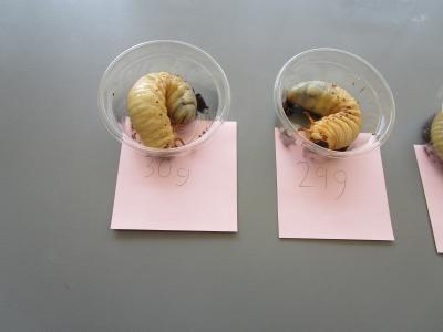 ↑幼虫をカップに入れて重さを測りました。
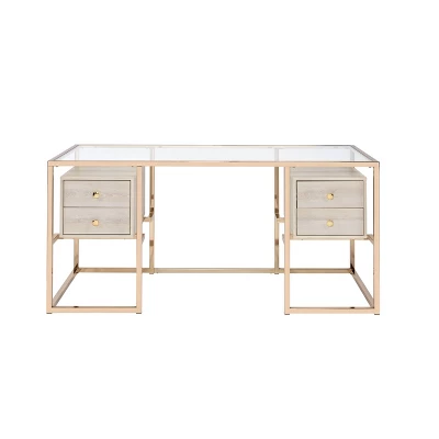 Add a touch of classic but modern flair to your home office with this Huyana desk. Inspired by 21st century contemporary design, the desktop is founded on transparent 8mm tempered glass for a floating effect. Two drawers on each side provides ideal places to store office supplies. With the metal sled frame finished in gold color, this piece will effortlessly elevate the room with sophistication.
---
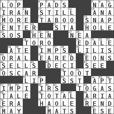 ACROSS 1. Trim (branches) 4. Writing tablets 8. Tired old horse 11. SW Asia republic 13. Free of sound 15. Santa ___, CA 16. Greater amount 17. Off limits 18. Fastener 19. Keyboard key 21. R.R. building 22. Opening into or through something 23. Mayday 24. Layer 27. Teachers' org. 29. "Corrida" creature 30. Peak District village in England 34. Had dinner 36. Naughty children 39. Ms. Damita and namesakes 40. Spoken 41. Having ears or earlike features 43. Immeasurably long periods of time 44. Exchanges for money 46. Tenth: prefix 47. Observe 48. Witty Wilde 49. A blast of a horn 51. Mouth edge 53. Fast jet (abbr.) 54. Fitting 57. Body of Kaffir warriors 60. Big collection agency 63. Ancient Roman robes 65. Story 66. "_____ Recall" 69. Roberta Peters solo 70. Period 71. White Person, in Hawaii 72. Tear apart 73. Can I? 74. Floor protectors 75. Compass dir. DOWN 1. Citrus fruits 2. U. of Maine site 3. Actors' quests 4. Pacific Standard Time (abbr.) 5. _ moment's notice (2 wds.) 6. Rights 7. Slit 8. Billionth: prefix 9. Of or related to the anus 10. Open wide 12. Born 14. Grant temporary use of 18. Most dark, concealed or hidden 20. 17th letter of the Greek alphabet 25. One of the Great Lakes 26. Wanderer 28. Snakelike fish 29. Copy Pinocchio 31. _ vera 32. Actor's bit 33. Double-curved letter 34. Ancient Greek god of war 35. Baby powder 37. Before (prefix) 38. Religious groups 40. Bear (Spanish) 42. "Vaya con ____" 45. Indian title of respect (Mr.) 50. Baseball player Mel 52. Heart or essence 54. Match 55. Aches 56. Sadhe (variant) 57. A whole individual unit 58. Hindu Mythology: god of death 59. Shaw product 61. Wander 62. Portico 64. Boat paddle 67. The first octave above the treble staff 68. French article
* * *
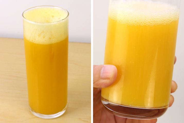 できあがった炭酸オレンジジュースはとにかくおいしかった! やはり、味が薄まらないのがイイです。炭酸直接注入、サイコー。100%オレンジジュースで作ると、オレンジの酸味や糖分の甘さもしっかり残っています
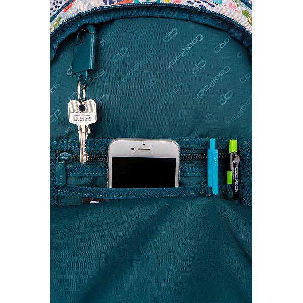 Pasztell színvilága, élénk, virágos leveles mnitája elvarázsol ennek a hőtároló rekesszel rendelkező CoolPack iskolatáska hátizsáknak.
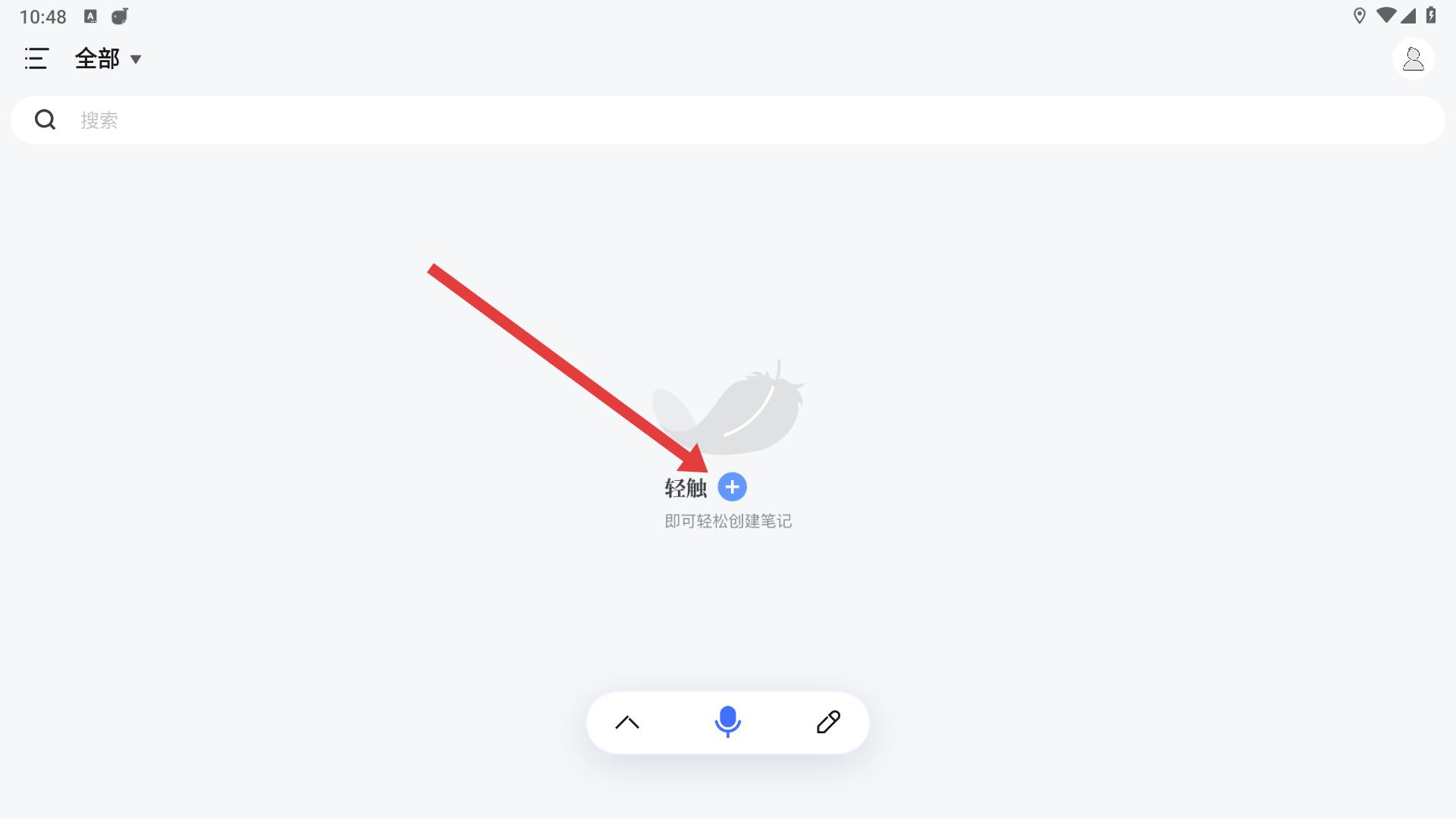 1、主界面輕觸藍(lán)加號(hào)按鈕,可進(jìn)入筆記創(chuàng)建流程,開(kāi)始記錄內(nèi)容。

WHAT TO DO — Give exactly the lines above that run from the line with "できあがった炭酸オレンジジュ" to the line with "Pasztell színvilága, élénk, virágos", both included, leaving every picture out.

WRITTEN SOLUTION —
 できあがった炭酸オレンジジュースはとにかくおいしかった! やはり、味が薄まらないのがイイです。炭酸直接注入、サイコー。100%オレンジジュースで作ると、オレンジの酸味や糖分の甘さもしっかり残っています
 Pasztell színvilága, élénk, virágos leveles mnitája elvarázsol ennek a hőtároló rekesszel rendelkező CoolPack iskolatáska hátizsáknak.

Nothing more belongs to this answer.